I highly recommend making a large batch. They store well in the refrigerator for up to a month and are always a welcome addition to any meal or snack. The flavors meld beautifully over time, so don’t be afraid to let them sit for a few days before enjoying them. They're the perfect pantry staple to have on hand when you're short on time but still want to create a delicious and flavorful meal.

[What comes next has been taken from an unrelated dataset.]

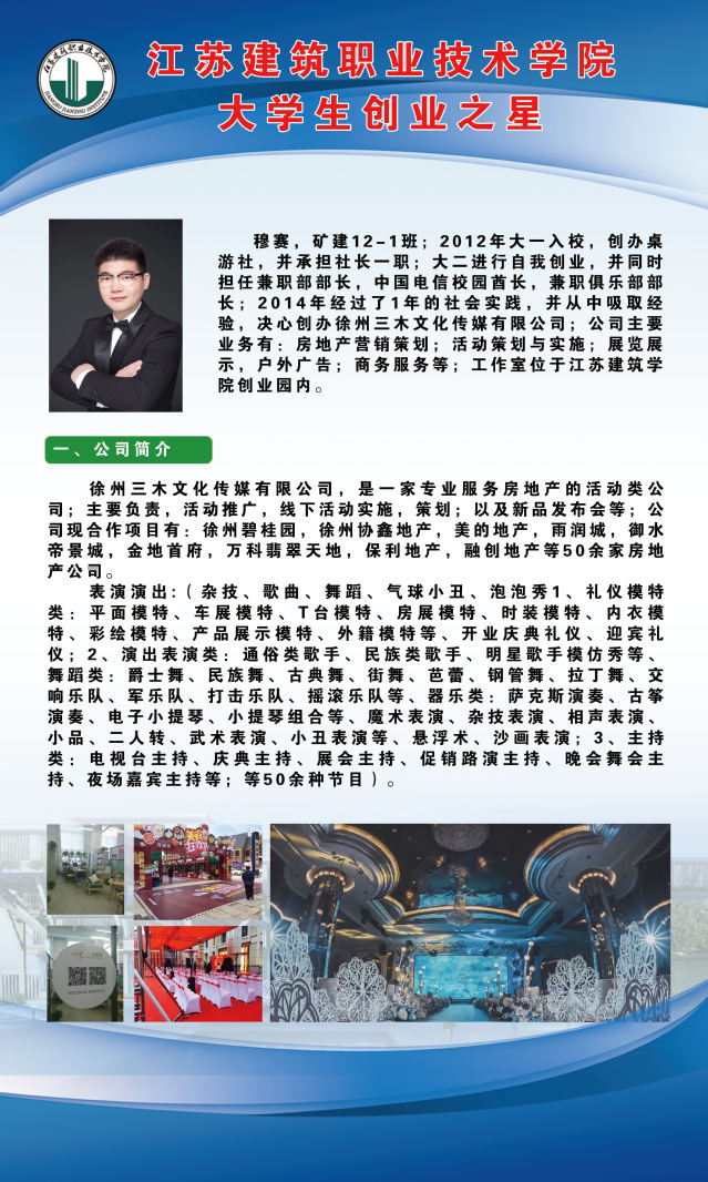 穆赛,矿建12-1班;2012年大一入校,创办桌游社,并承担社长一职;大二进行自我创业,并同时担任兼职部部长,中国电信校园酋长,兼职俱乐部部长;2014年经过了1年的社会实践,并从中吸取经验,决心创办徐州三木文化传媒有限公司;公司主要业务有:房地产营销策划;活动策划与实施;展览展示,户外广告;商务服务等;工作室位于江苏建筑公司创业园内。

So, if you're looking for a simple, flavorful, and incredibly versatile recipe to brighten up your meals, look no further than these dilly pickled carrots. They're quick to make, easy to customize, and guaranteed to become a new family favorite. Happy pickling!

Step-by-step

    • Bring a small pot of water to a boil in which to blanch the carrots.
    • Prepare 1 pint and a half jar, or 2 12-ounce jelly jars. Place lid(s) in a small pot of water and bring to the barest bubble to soften sealing compound.
    • Peel carrots and trim to fit jars. Cut into thin sticks.
    • When the water comes to a boil, drop in the carrots and cook for either 90 seconds if you plan on canning your pickles, or 3 minutes if you're making them as refrigerator pickles.
    • When time is up, remove carrots from water and run under cold water to stop cooking.
    • Combine vinegar, water and salt in a small saucepan and bring to a boil.
    • Place spices and garlic cloves into the bottom of the jar or jars.
    • Pack carrots sticks upright in jar(s).
    • Pour the boiling brine over the carrots, leaving 1/2 inch headspace.
    • Tap jar(s) gentle to remove air bubbles.
    • Wipe the rims and apply the lids and rings.
    • If you're canning the pickles, process them for 10 minutes in a boiling water bath.
    • When time is up, remove jar(s) from canner and let cool.
    • Sealed jars can be stored in a cool, dark place for up to one year. Refrigerator pickles should be placed in the fridge as soon as the jars are cool.
    • Let pickles rest in pickling liquid for at least 48 hours before eating.